FHB can cause significant economic losses. Johnson et al. [25] estimated that FHB caused direct losses in wheat and barley totaling more than $1.3 billion in the U.S. during the period from 1991 to 1997. They estimated the total economic impact in rural communities and businesses related to grain production and marketing to be three to four times this amount. Direct losses are manifested as reduced yield due to FDK or spikelet sterility; low test weight of harvested grain; grain cleaning costs to remove FDK; and price discounts at grain elevators due to DON contamination. In addition, germination of Fusarium-infected grain can be reduced to unacceptable levels [26] and if the grain is used as seed for the next season’s crop, seedling blights and root and crown rots can significantly reduce stand establishment and subsequently yield. In years in which severe and widespread FHB epidemics occur, there can be scarcity of seed needed to plant the next season’s crop. Indirect losses result from poor quality food products (e.g., bread and beer) made from Fusarium-damaged and DON-contaminated grain; reduced productivity of livestock due to toxicosis or feed refusal; costs incurred in the treatment of toxicosis in humans and animals; costs associated with fungicide seed treatment to control seedling and root and crown rot diseases; and loss of profits or failure of businesses related to grain production and marketing. Worldwide, losses due to FHB can be staggering in years when environmental conditions favor disease development.

3. FHB Disease Cycle

Because some of the factors that influence the accumulation of DON in small grain cereals include or are related to pathogen growth stages, a brief description of the disease cycle of FHB is provided. F. graminearum overwinters as chlamydospores or mycelia in the soil or in host crop residues which serve as a source of primary (initial) inoculum in the spring [3]. The fungus can also survive on wheat seed. Primary inoculum mainly consists of ascospores produced in perithecia (sexual fruiting structures), which form on crop residues in the spring as temperatures warm up. In the spring, ascospores and/or conidia are released from crop residues and spread by wind and/or splashing water from rain or irrigation. They land on spikes and during wet, warm weather they germinate and infect glumes, flower parts, or other parts of the spike. Infections occur mostly during anthesis (stage at which anthers rupture and shed pollen during flowering) partly because the anthers contain stimulants for spore germination and pathogen growth [27]. Spikes are susceptible from anthesis until the soft dough stage. Infections that occur during anthesis are the most damaging. During warm temperatures (25 °C to 30 °C) and wet conditions, blight symptoms develop within 2 to 4 days after infection. Therefore, an apparently healthy crop can show symptoms suddenly. Later in the growing season or after harvest, perithecia may form on spikes. FHB is considered a monocyclic or one cycle disease, that is, after the initial or primary infection, little or no secondary infection occurs by conidia formed on infected spikes.
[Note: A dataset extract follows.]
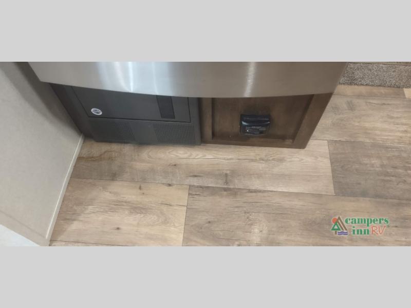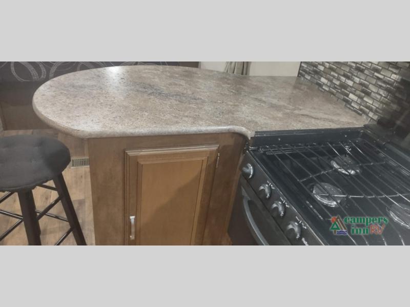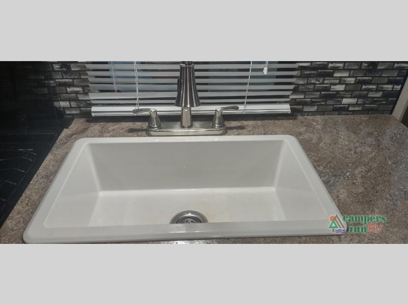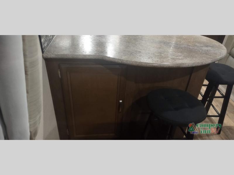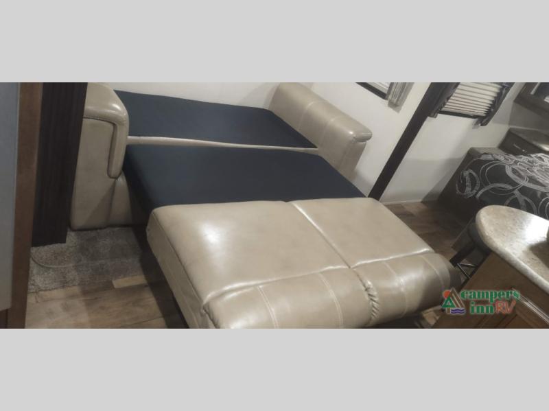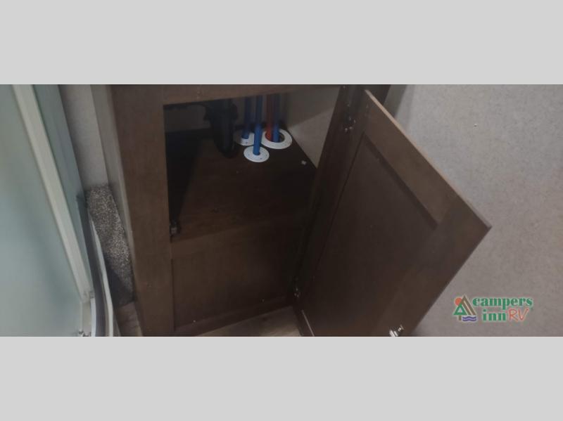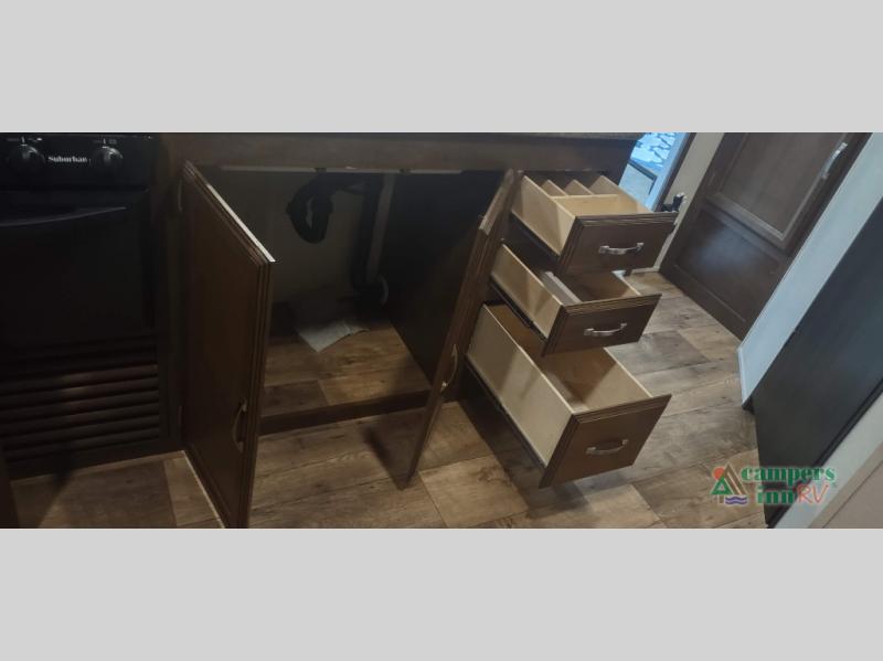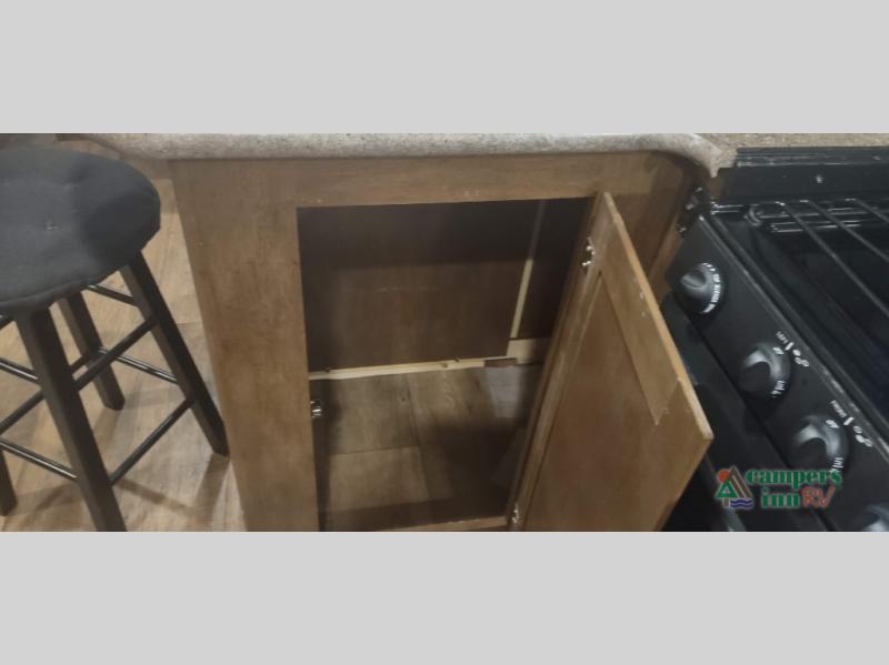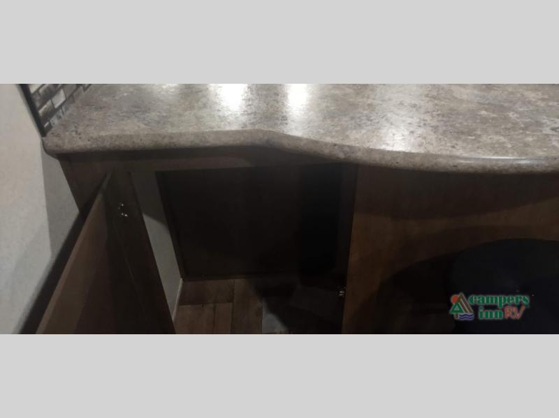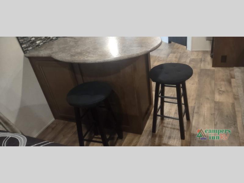 The centrally located kitchen features a Hyper-Lyte design that keeps things lightweight without sacrificing storage or prep space. Enjoy the residential feel of the high-rise faucet with pullout sprayer, premium appliances, and ample counter space—plus two bar stools where you can enjoy a quick breakfast or entertain inside on rainy days.
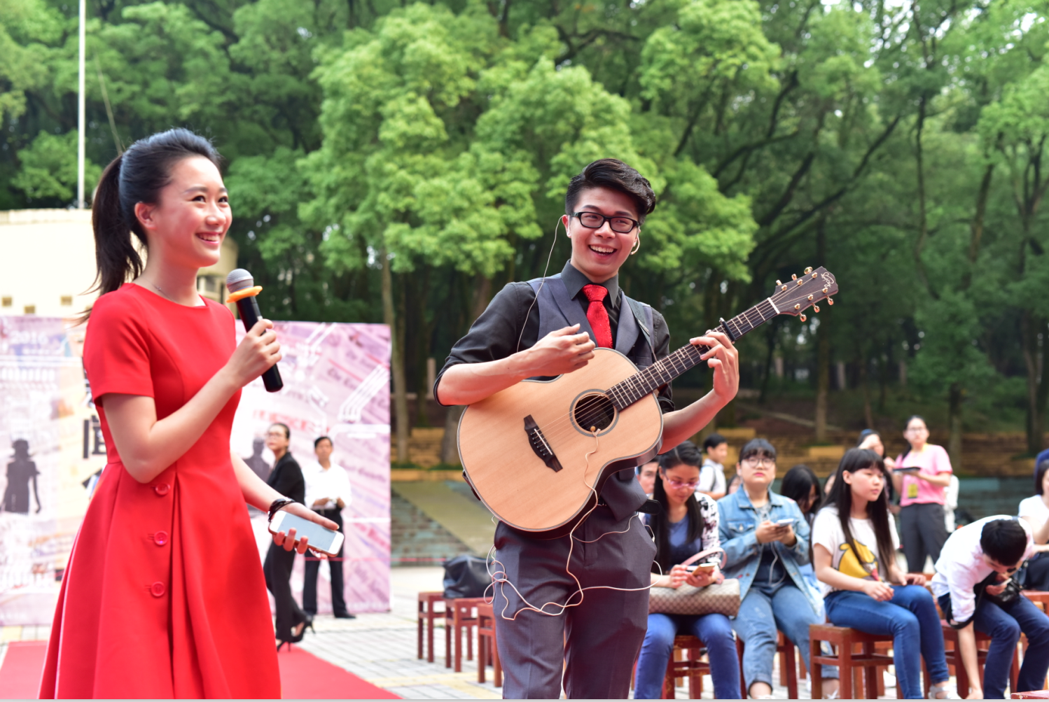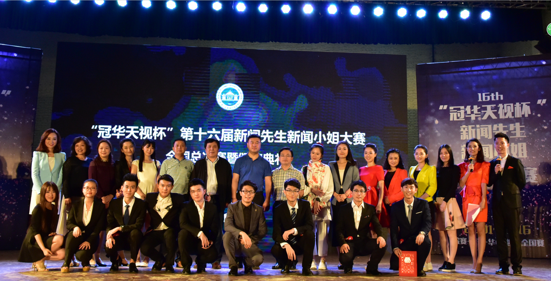 梅园小操场,“冠华天视杯”第16届新闻先生新闻小姐大赛全国总决赛暨颁奖典礼如期举行。从千余名竞争者中脱颖而出的十六位选手们在决赛的舞台上碰撞智慧,描绘新闻理想、展现新闻素养。最终,来自有爱爱

4. Factors Influencing DON Accumulation in Grain

The amount of DON produced by F. graminearum is positively correlated with fungal biomass. Using real-time polymerase chain reaction (PCR) analysis, Demeke et al. [28] quantified F. graminearum DNA in grain of two classes of Canadian wheat (western red spring and western red winter). They also measured DON in the same grain using gas chromatography with mass selective detection. Linear regression of DON on fungal DNA revealed a strong, positive relationship (R2 ≥ 0.90) between the two variables in both classes of wheat. Sneller et al. [29] similarly showed that in F. graminearum-susceptible wheat genotypes, fungal biomass had a strong, positive correlation with DON. Therefore, when discussing the factors that affect DON accumulation in grain, it is assumed that factors that promote pathogen growth in a susceptible host also promote DON production. Pathogen growth and expression of pathogenicity in the host are quantified indirectly as disease intensity (FHB incidence, severity, or index).

Field studies have demonstrated a positive, linear relationship between FHB intensity and DON [30,31,32]. In 2008, when there were severe FHB epidemics in wheat fields in Nebraska and other states in the FHB-prone regions of the U.S., the author generated, in a field experiment, different levels of FHB intensity (measured as index (%) = [incidence (%) × severity (%)]/100) by applying or not applying the fungicide Prosaro (prothioconazole + tebuconazole) to two FHB-susceptible winter wheat wheat cultivars, ‘2137’ and ‘Jagalene’ at early anthesis. All plots were spray-inoculated with F. graminearum spores (1 × 105 spores/mL) 24 hours after fungicide application. In addition, maize kernels colonized by F. graminearum had been spread on the soil surface (0.42 g/m2) in the plots one week before anthesis. Following rehydration of the maize kernels by natural rain, mycelial growth of the fungus culminated in sporulation, which provided additional spore inoculum during anthesis. The experimental design was a split plot in randomized complete blocks with six replications. The main plot and subplot treatments were cultivar and fungicide application (Prosaro or no Prosaro), repectively. Index was measured 21 days after spray-inoculation. Following harvest, a grain subsample from each plot was ground to flour and submitted to the North Dakota Veterinary Diagnostic Laboratory for DON content determination using gas chromatography with electron capture detection (GC/ECD) [11]. Regression of DON concentration on index using plot data revealed a significant, positive linear relationship between the two variables (Figure 5). Similar results were obtained from replicated field studies using the same methodology conducted over three years in Kansas and Nebraska, USA [30].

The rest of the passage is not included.